The preceding non-limiting aspects, as well as others, are more particularly described below. A more complete understanding of the processes and equipment can be obtained by reference to the accompanying drawings, which are not intended to indicate relative size and dimensions of the assemblies or components thereof. In those drawings and the description below, like numeric designations refer to components of like function. Specific terms used in that description are intended to refer only to the particular structure of the embodiments selected for illustration in the drawings, and are not intended to define or limit the scope of the disclosure.

BRIEF DESCRIPTION OF THE DRAWINGS

FIG. 1 is a sectional side elevation view of a CFB boiler depicting a first exemplary configuration of the disclosure, illustrating a bubbling fluidized bed (BFB) enclosure within the CFB boiler.

FIG. 2 is an enlarged view of a portion of the BFB enclosure disposed below the distribution grid of the CFB.

FIG. 2A is a view taken along line 2A-2A of FIG. 2.

FIG. 3 is a plan view looking down along line 3-3 of FIG. 1.

FIG. 4 is a section view taken along line 4-4 of FIG. 3.
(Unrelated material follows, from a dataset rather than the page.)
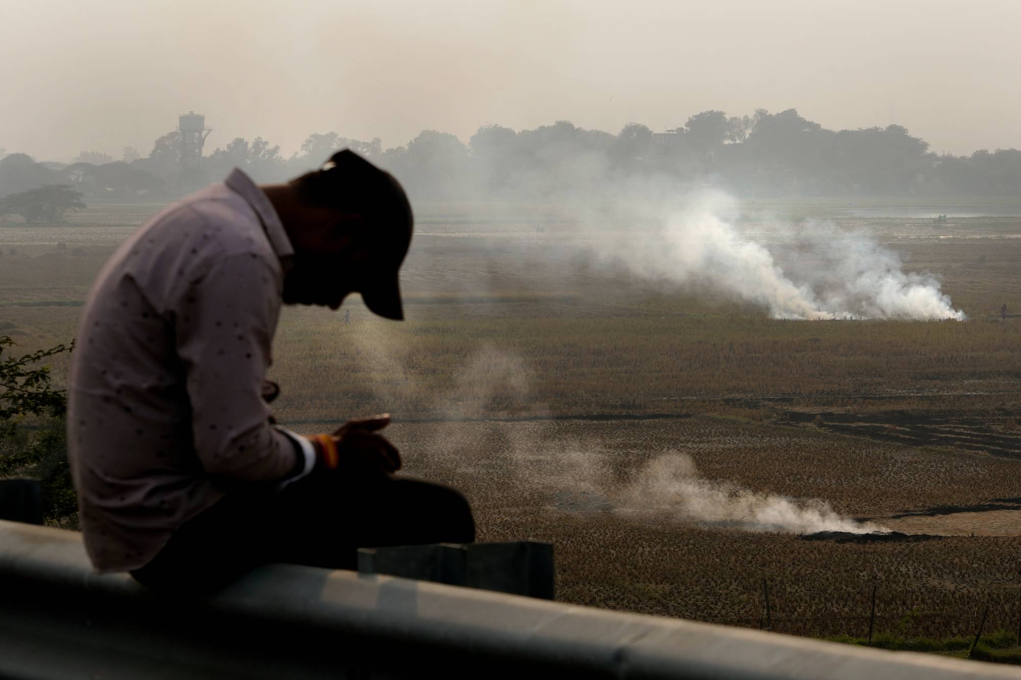 شخص يتفقد هاتفه الجوال بينما يحرق المزارعون بقايا المحاصيل بعد الحصاد بالقرب من طريق سريع في الهند (أ.ب)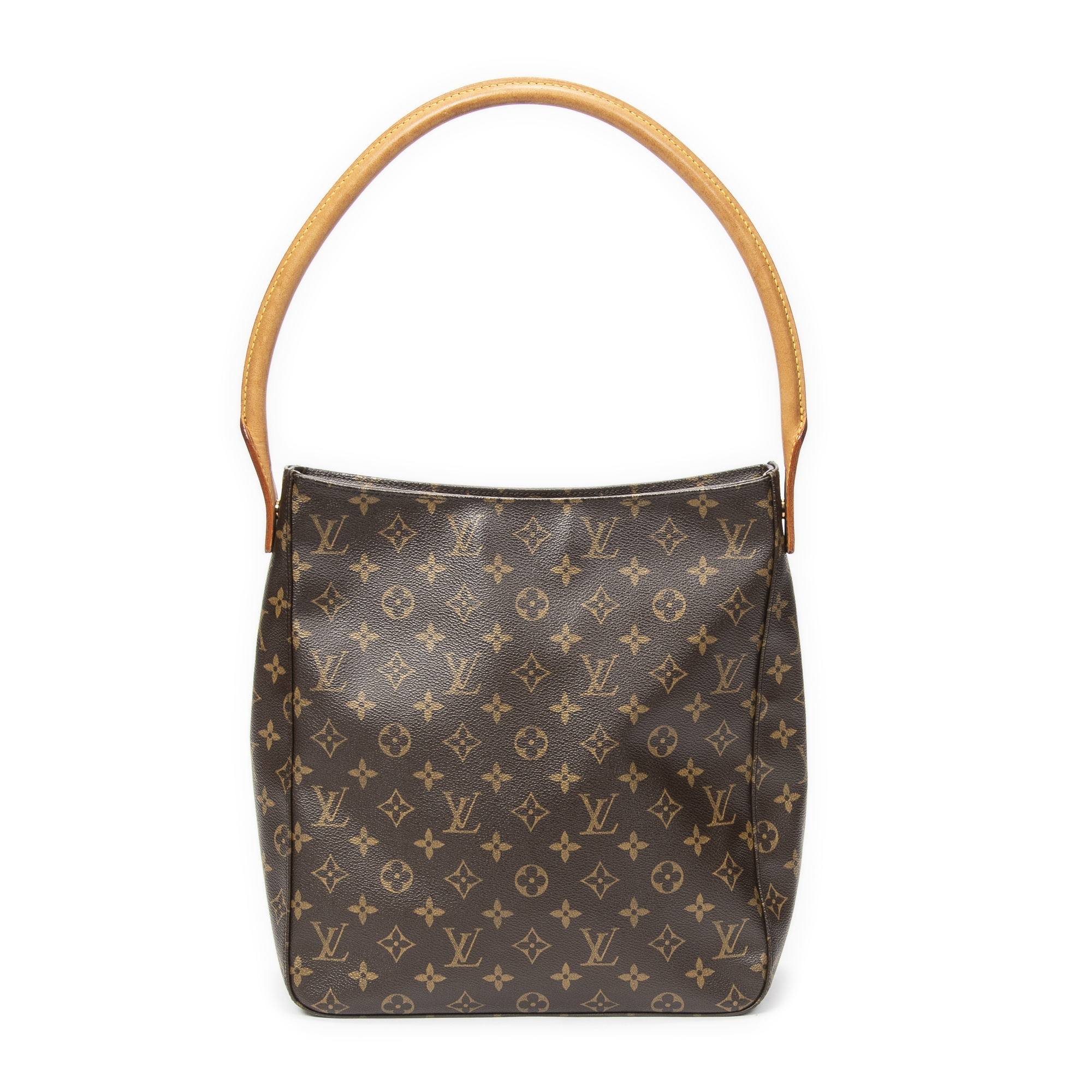 Louis Vuitton Shoulder Bag Looping GM in Brown Monogram Canvas and Golden Brass hardware. The product is in Very Good Condition (AB).

DETAILED DESCRIPTION OF THE DISCLOSURE

As shown in FIGS. 1-4, a circulating fluidized bed (CFB) furnace 1 includes walls 2 (including roof 2a) and an in-bed heat exchanger (IBHX) 3 immersed in bubbling fluidized bed (BFB) 4. The circulating fluidized bed of furnace 1 predominantly includes solids made up of the ash of fuel 5, sulfated sorbent 6 and, in some cases, external inert material 7 fed through at least one of walls 2 and fluidized by fluidizing gas (typically, primary air) 8 supplied through a distribution grid 9 fed from pipes 10. Dormant solids below grid 9 effectively define a part of the furnace floor. Some solids are entrained by gases resulting from the fuel combustion and move upward (arrows 15) eventually reaching a particle separator 16 at the furnace exit. While some of the solids (arrow 17) pass separator 16, the bulk of them (arrow 18) are captured and recycled back to the furnace. Those solids along with others (arrow 19), falling out of upflow solids stream 15, feed BFB 4 that is being fluidized by fluidizing gas (typically, air) 22 supplied through a BFB distribution grid 24 fed from pipes 25. Dormant solids below grid 24 effectively define another part of the furnace floor. The dormant solids under CFB and BFB are contained in hoppers (26 and 27, correspondingly) equipped with outlets for draining solids from CFB and BFB (28 and 29, correspondingly). Pipes 10 and 25 are supported off hoppers 26 and 27, correspondingly (supports are not shown).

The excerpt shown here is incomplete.